Competing with the elite

  • Author : Martin Hall
  • Date : April 2011
ABOUT THE AUTHOR: Martin Hall TEP is Manager at Tenon (IOM) Ltd

Mention the Isle of Man and you may think of the Manx cat, TT motorbike races or green rolling hills; however, this idyllic island, set in the middle of the Irish Sea, is an influential player among the global international financial centres. Its government understands its responsibilities to its finance sector, while also appreciating its ongoing obligations to meet the high standards set by the Organisation for Economic Co-operation and Development (OECD), of which the Isle of Man (IOM) is a member. The proactive approach by Tynwald, the island’s parliament, in enacting legislation has been highlighted on a number of occasions over the past decade, and its continued commitment to be a leader ensures that our picturesque island continues to be in the elite of international financial centres.


The introduction by Tynwald of the Trustee Act 2001 (‘the Act’) was an important piece of legislation with wide-ranging implications for all trusts and trustees and dealt with a number of areas, in particular the duty of care of a trustee, wider trustee investment powers, the delegation by trustees of their powers and also increasing the statutory perpetuity period to 150 years.

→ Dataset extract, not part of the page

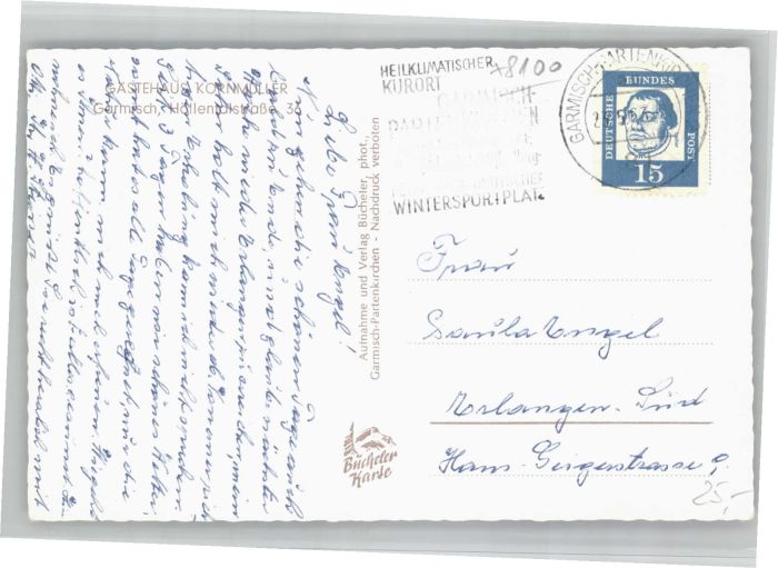 40744010 GARMISCH-PARTENKIRCHEN Bayern Gaestehaus Kornmueller x postalisch gelaufen Alte Ansichtskarte Postkarte alte Postkarte Katcode 11110009180117

Previously trustees had to be mindful of their common law duty of care, whereby the Act places a statutory duty of care on the trustees, ensuring they exercise such care and skill as is reasonable, but having regard to any special knowledge or experience they have or could be reasonably expected to have, if acting as trustees in the course of a business or profession. This also provides some subjectivity to the criteria for judging the exercise of ‘due care’.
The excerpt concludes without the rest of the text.